## TASK ITEM
The output has to be the full set of records, reproduced exactly, minus any picture.

## THE RECORDS
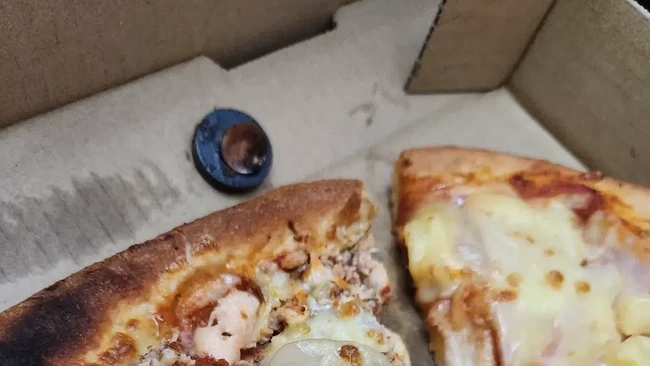 Tampilannya mirip dengan irisan buah zaitun, pria ini hampir saja menelan magnet besi yang ada di dalam pizza pesanannya.
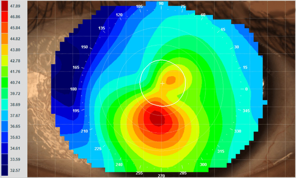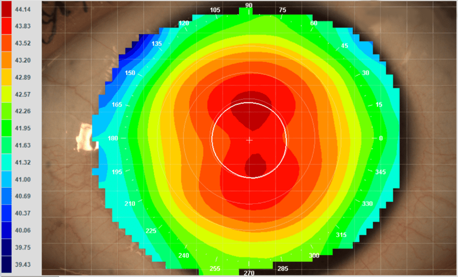 Another unique analysis display option on corneal topography is the “axial” interpretation, which aids the clinician in understanding whether the patient has regular or irregular astigmatism (Figures 2 and 3). In aiding in the assessment of early signs of keratoconus, the instrument can be critical to diagnosing the condition and ensuring the patient is referred for corneal cross-linking, where appropriate, to protect corneal health and visual function.
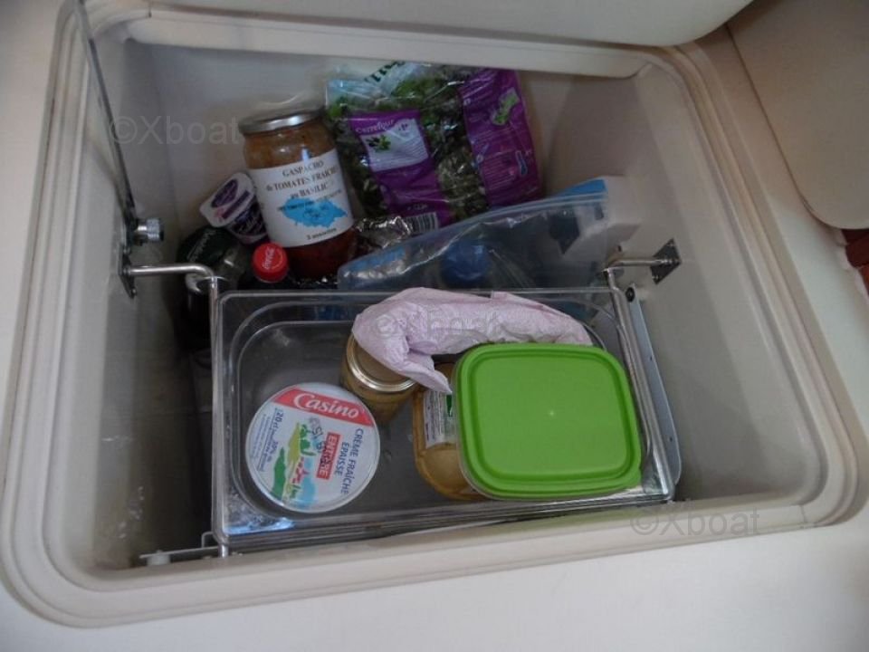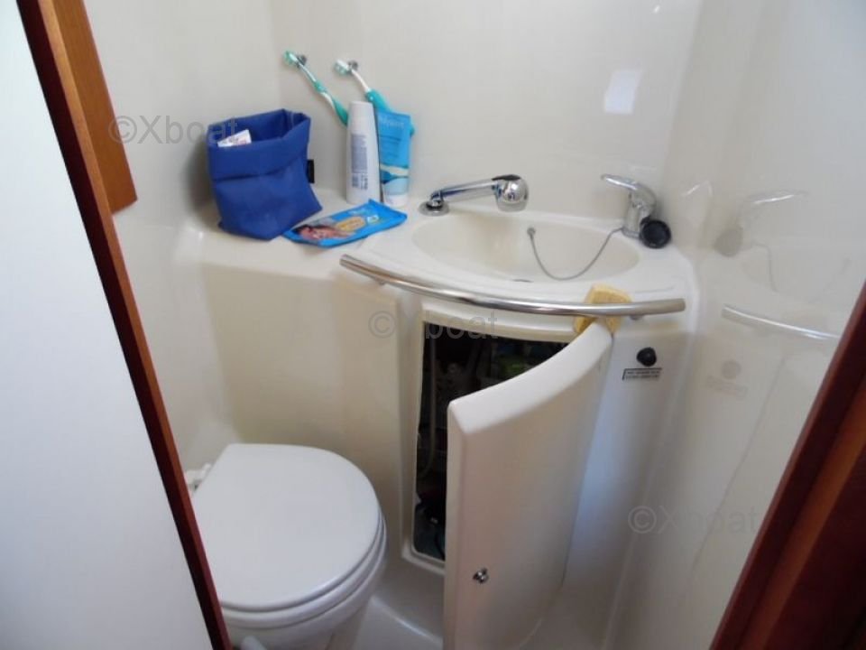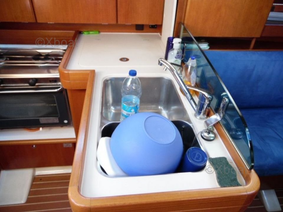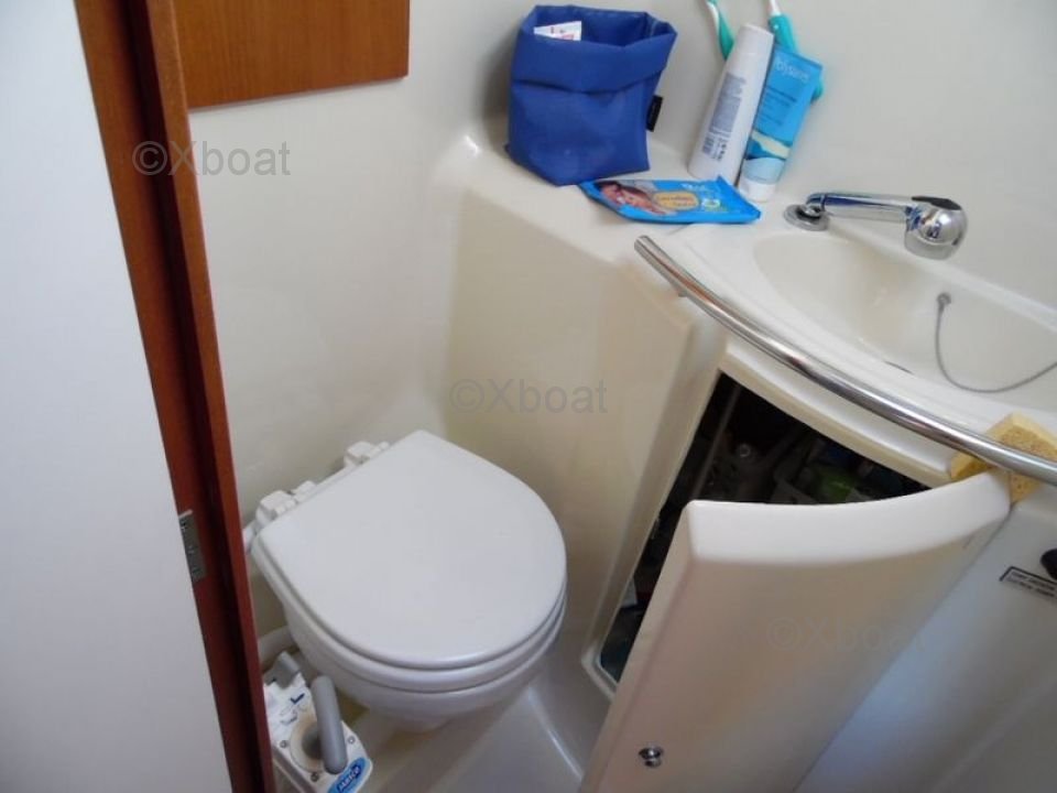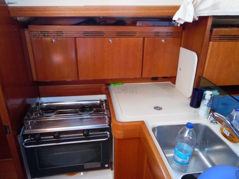 Inside, the Dufour 34 PTE offers a comfortable living space with high-quality finishes. The main cabin features two double berths, while the forward cabin offers a single berth. The galley is well-equipped with a sink, a refrigerator, and storage cabinets. The bathroom is spacious with a separate shower.
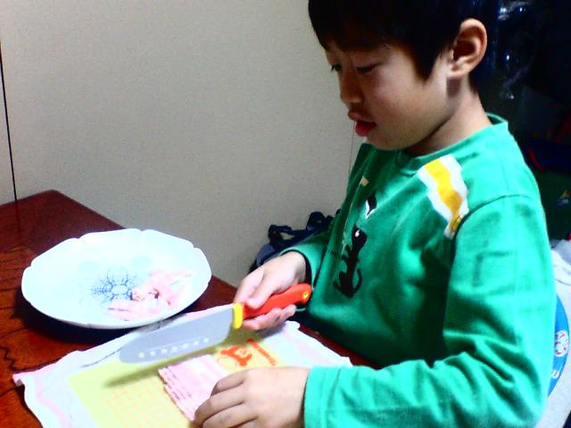 慣れない包丁さばきがドキドキはらはらさせますが
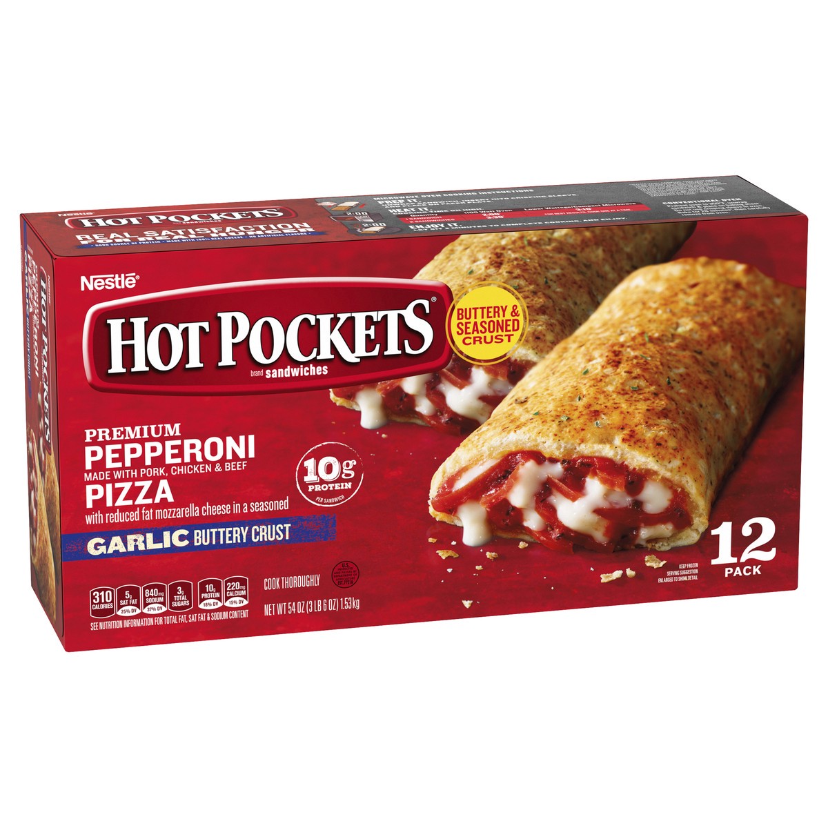 Hot Pockets Pepperoni Pizza Frozen Sandwiches are a quick and easy solution for lunch or dinner. Hot Pocket Pepperoni Pizza sandwiches are made with pepperoni and 100% real reduced fat mozzarella chee…

## THE ANSWER
 Tampilannya mirip dengan irisan buah zaitun, pria ini hampir saja menelan magnet besi yang ada di dalam pizza pesanannya.
 Another unique analysis display option on corneal topography is the “axial” interpretation, which aids the clinician in understanding whether the patient has regular or irregular astigmatism (Figures 2 and 3). In aiding in the assessment of early signs of keratoconus, the instrument can be critical to diagnosing the condition and ensuring the patient is referred for corneal cross-linking, where appropriate, to protect corneal health and visual function.
 Inside, the Dufour 34 PTE offers a comfortable living space with high-quality finishes. The main cabin features two double berths, while the forward cabin offers a single berth. The galley is well-equipped with a sink, a refrigerator, and storage cabinets. The bathroom is spacious with a separate shower.
 慣れない包丁さばきがドキドキはらはらさせますが
 Hot Pockets Pepperoni Pizza Frozen Sandwiches are a quick and easy solution for lunch or dinner. Hot Pocket Pepperoni Pizza sandwiches are made with pepperoni and 100% real reduced fat mozzarella chee…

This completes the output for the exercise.